» Supplied material

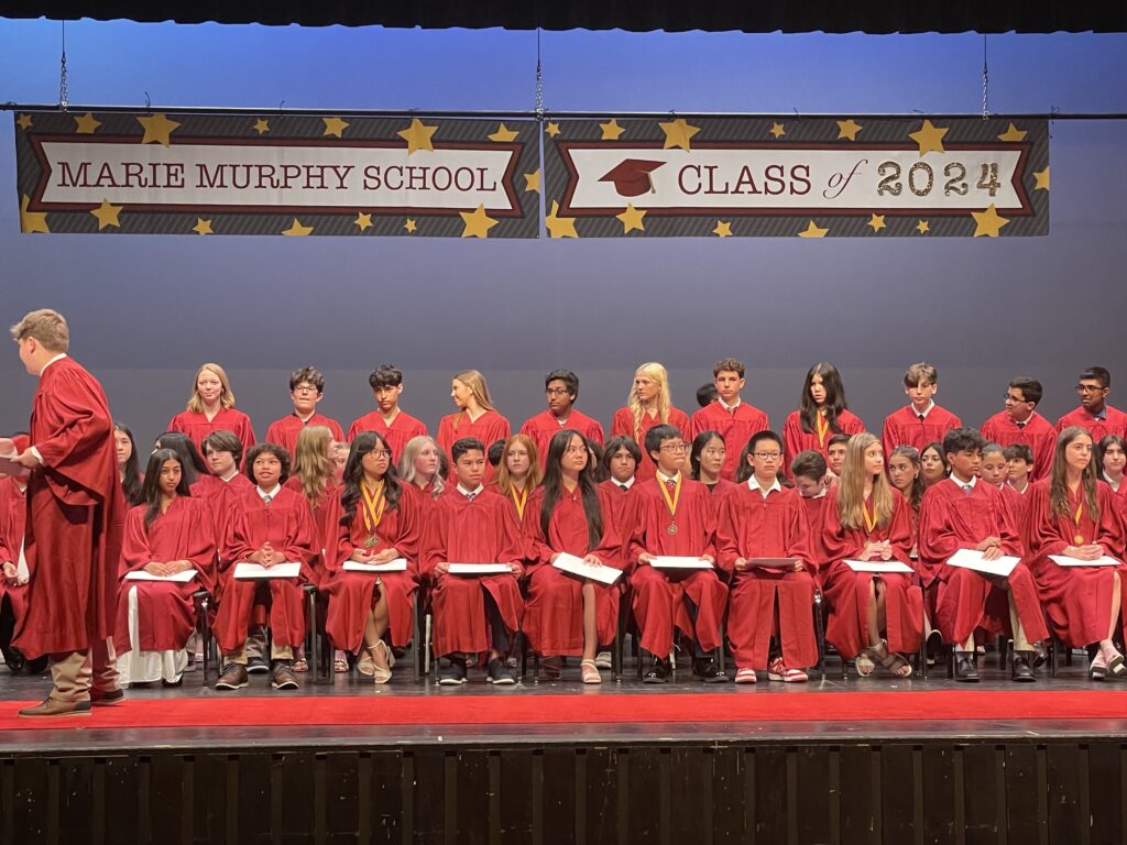 The ceremony included a speech from Alexis Kaplan, the eighth-grade class president. The administration and David Napier, the vice president of the board of education, praised the growth and curiosity of this class.
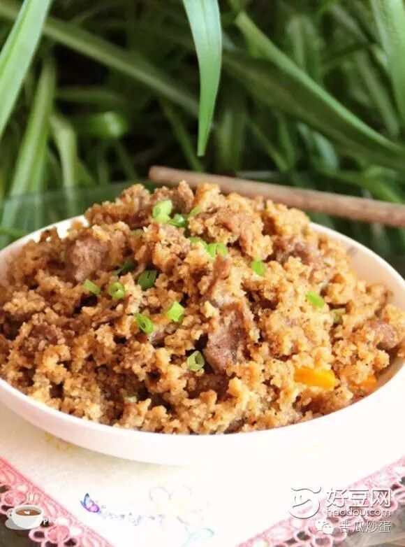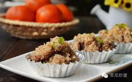 把拌好的梅菜饭均匀盖在肉卷上,放到锅里蒸大概30分钟到肉烂,取出来,把碗里的饭倒扣在盘子里,那些裹着莲子的肉就露在上面了。
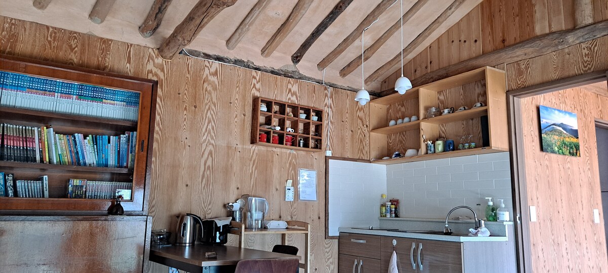 „Hyuhyujae” je kuća izgrađena od crvene gline, a možete videti prelepe pejzaže jer nema svetala i ljudi, a nalazi se na osamljenom mestu u selu. Možete da vidite podnožje Jirisana, koje je velikodušno kao vaša mama, a Ssanggyesa i Kuksaam su udaljeni 5 minuta, a udaljeni su 7 minuta, tako da je to prelijepa staza za šetnju i vožnju. Na udaljenosti od 3 minuta nalazi se dolina pogodna za igru u vodi, a ima prelep pejzaž i bezbednost. Otkrijte vreme „odmora“ u prirodi. Prtljag se može unapred ostaviti, a dolazak je u 15:00. Ima najviše 4 osobe. Pošaljite mi poruku unapred kada koristite roštilj. (Dodatnih 20.000 KRW) Nema roštilja od 1. novembra do 30. februara. (Rizik od požara) Električni roštilji i plinski gorionici su dostupni u dvorištu. Domaćin: 010-Osasachil - Guipal

» What to work on
Your reply should hold every line above exactly as written and none of the pictures.

» Written solution
 The ceremony included a speech from Alexis Kaplan, the eighth-grade class president. The administration and David Napier, the vice president of the board of education, praised the growth and curiosity of this class.
 把拌好的梅菜饭均匀盖在肉卷上,放到锅里蒸大概30分钟到肉烂,取出来,把碗里的饭倒扣在盘子里,那些裹着莲子的肉就露在上面了。
 „Hyuhyujae” je kuća izgrađena od crvene gline, a možete videti prelepe pejzaže jer nema svetala i ljudi, a nalazi se na osamljenom mestu u selu. Možete da vidite podnožje Jirisana, koje je velikodušno kao vaša mama, a Ssanggyesa i Kuksaam su udaljeni 5 minuta, a udaljeni su 7 minuta, tako da je to prelijepa staza za šetnju i vožnju. Na udaljenosti od 3 minuta nalazi se dolina pogodna za igru u vodi, a ima prelep pejzaž i bezbednost. Otkrijte vreme „odmora“ u prirodi. Prtljag se može unapred ostaviti, a dolazak je u 15:00. Ima najviše 4 osobe. Pošaljite mi poruku unapred kada koristite roštilj. (Dodatnih 20.000 KRW) Nema roštilja od 1. novembra do 30. februara. (Rizik od požara) Električni roštilji i plinski gorionici su dostupni u dvorištu. Domaćin: 010-Osasachil - Guipal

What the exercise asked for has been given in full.